** Exercise goal **
Would you please set down, word for word, the lines from the one with "Variety of one" through the final line of the data below, omitting any pictures?

** Data block **
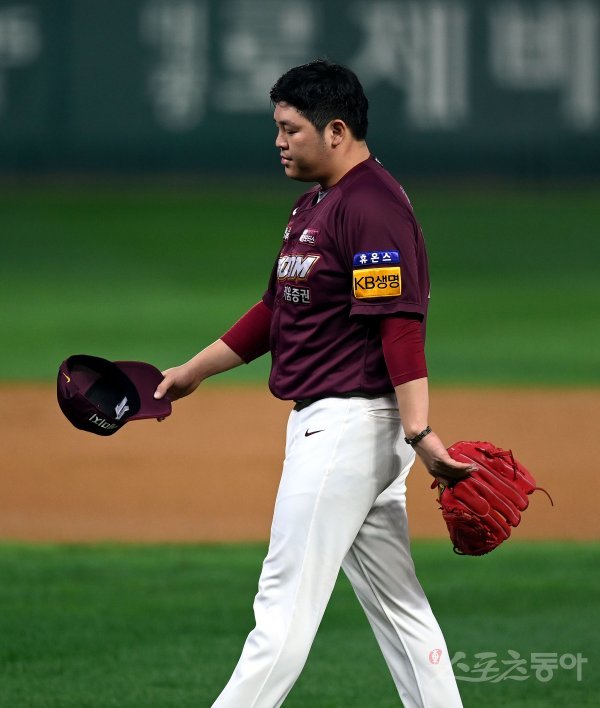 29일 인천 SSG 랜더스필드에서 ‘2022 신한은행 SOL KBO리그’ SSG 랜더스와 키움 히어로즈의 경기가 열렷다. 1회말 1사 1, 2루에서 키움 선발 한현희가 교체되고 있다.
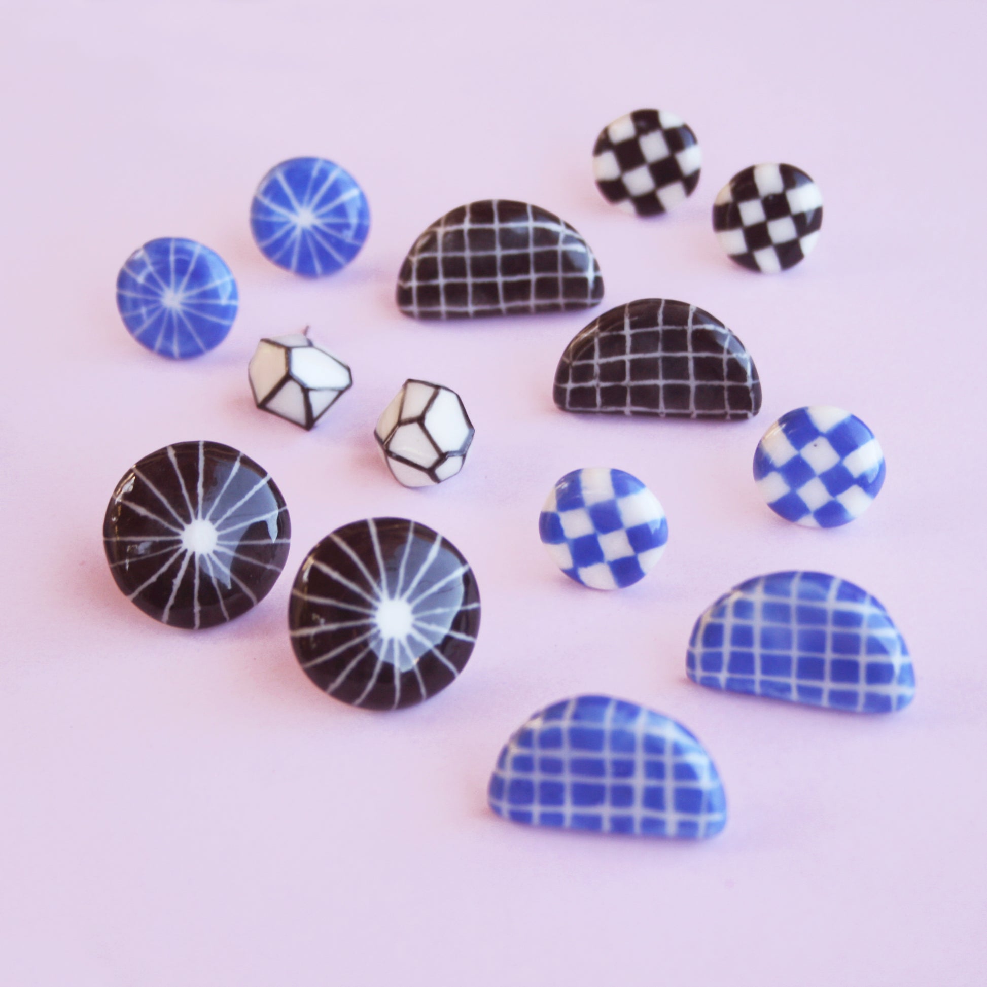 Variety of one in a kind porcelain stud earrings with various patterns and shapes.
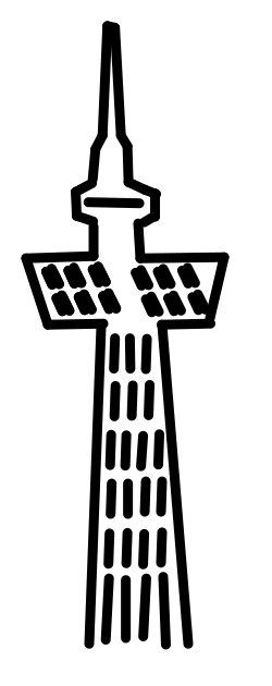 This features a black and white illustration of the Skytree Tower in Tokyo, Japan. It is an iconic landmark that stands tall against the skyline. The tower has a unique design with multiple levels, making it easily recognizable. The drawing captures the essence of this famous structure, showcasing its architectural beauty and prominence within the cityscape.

** Answer box **
 Variety of one in a kind porcelain stud earrings with various patterns and shapes.
 This features a black and white illustration of the Skytree Tower in Tokyo, Japan. It is an iconic landmark that stands tall against the skyline. The tower has a unique design with multiple levels, making it easily recognizable. The drawing captures the essence of this famous structure, showcasing its architectural beauty and prominence within the cityscape.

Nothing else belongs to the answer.